WASHINGTON – Group of Seven finance chiefs on Thursday pledged to apply “maximum economic pressure” on North Korea over the “grave” threat posed by its missile and nuclear weapons development, a senior Japanese official said.
The G-7 finance ministers and central bank governors affirmed close coordination in blocking North Korea’s attempts to evade U.N. sanctions, Masatsugu Asakawa, vice finance minister for international affairs, told reporters after a meeting in Washington.
In separate talks of the broader Group of 20 major developed and emerging economies, Bank of Japan Gov.
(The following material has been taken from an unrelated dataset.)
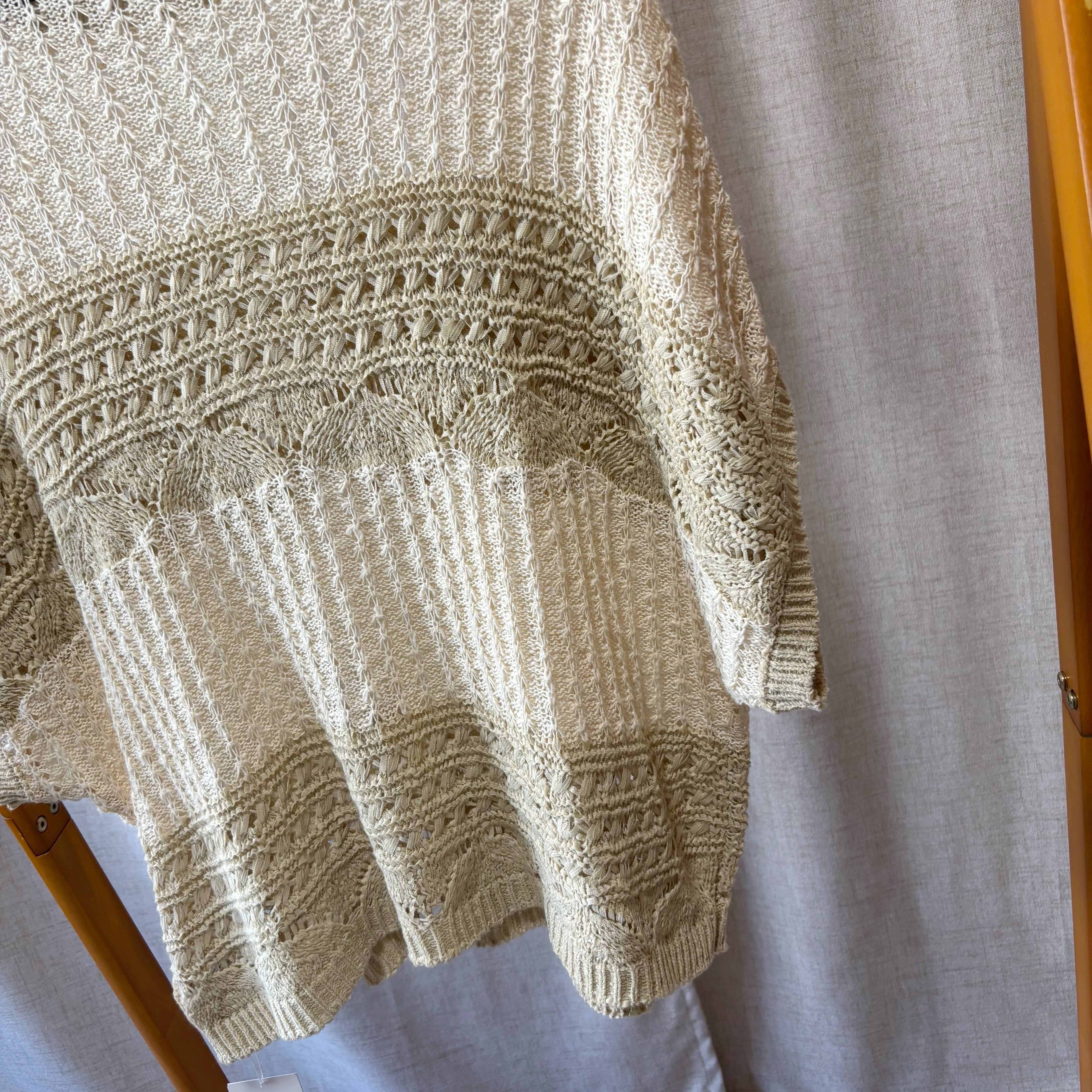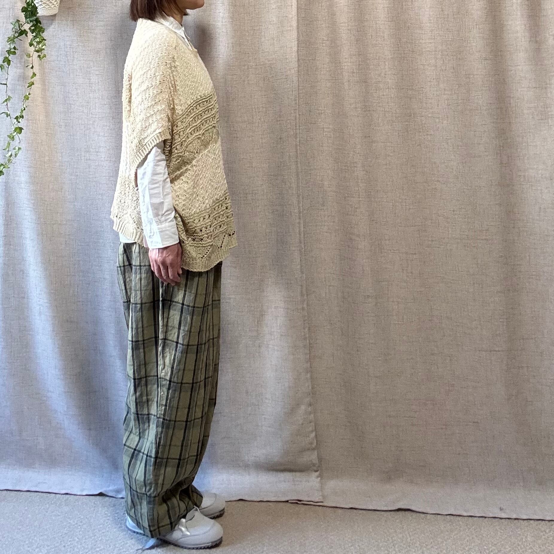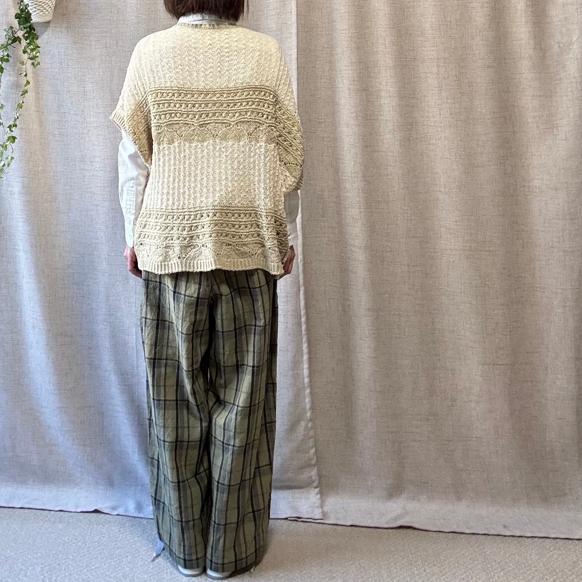 心地よいクロシェ風編みが特徴の、2色糸で丁寧に編み上げたゆったりとしたベスト。

Haruhiko Kuroda explained Prime Minister Shinzo Abe’s plan to put off the country’s goal of achieving a primary balance surplus in fiscal 2020.
Abe’s campaign pledge for the Oct. 22 general election to boost spending on child care and education would make it virtually impossible for the government to achieve the goal, but Japan remains committed to restoring its debt-ridden finances, Kuroda was quoted by Asakawa as telling his G-20 counterparts.
“We shared the recognition that we need to apply maximum economic pressure on North Korea by blocking the sources of North Korea’s income and preventing the country from abusing the international financial system,” Asakawa said on the G-7 gathering.
Measures include blocking financial trade that would promote North Korea’s attempts to evade U.N. sanctions, said Asakawa, who attended the G-7 and G-20 meetings in lieu of Finance Minister Taro Aso.
“North Korea’s development of weapons of mass destruction and ballistic missiles poses a grave threat to international peace and security,” the official said.
He said it is rare for the G-7 finance chiefs to make public the fact that they met on the sidelines of a G-20 financial meeting, in what he said was the G-7’s resolve to step up pressure to rein in North Korea.
The meeting was held under the leadership of Italy, which holds this year’s presidency of the G-7. The group is made up of Britain, Canada, France, Germany, Italy, Japan and the United States.
In the G-20 meeting, which runs to Friday, Kuroda explained Abe’s plan to spend part of the revenues from a planned increase in the consumption tax to 10 percent from 8 percent in 2019 to expand support for households with children and ease the financial burdens of preschool and higher education.
Such a shift would reduce resources intended to restore the nation’s fiscal health, the worst among major advanced economies.
The G-20 shared the view that a rollback in monetary easing in the United States and Europe could pose a downside risk to the otherwise sound world economy, according to Asakawa.
Earlier on Thursday, Kuroda expressed optimism about the world economy, but cited U.S. economic and monetary policy and geopolitical tensions as risk factors to global growth.
“Although there are risks, including geopolitical ones, the standard scenario is that the world economy will continue steady growth with some acceleration,” the BOJ chief told reporters at a Washington hotel.
Citing steady growth in the United States, Europe and emerging economies including China, Kuroda said the world economy is posting solid growth, but that “various uncertainties exist.”
Although Kuroda did not elaborate on U.S. economic and monetary policy risk factors, he was apparently referring to the outlook for planned tax cuts and the pace of U.S. interest rate increases, which could trigger reversals in capital and investment flows to emerging economies.
His citing of “geopolitical risks” was apparently a reference to North Korea’s missile and nuclear weapons development programs.
Kuroda said the Japanese economy is “expanding moderately” and in “a very favorable condition,” given a forward-looking cycle of income turning into spending.
The International Monetary Fund has forecast the world economy will grow 3.6 percent in 2017 and 3.7 percent in 2018, up 0.1 percentage point, respectively, from its estimate in July, as the “broad-based” global recovery has gathered steam.
The G-20 groups the G-7 plus Argentina, Australia, Brazil, China, India, Indonesia, Mexico, Russia, Saudi Arabia, South Africa, South Korea, Turkey and the European Union.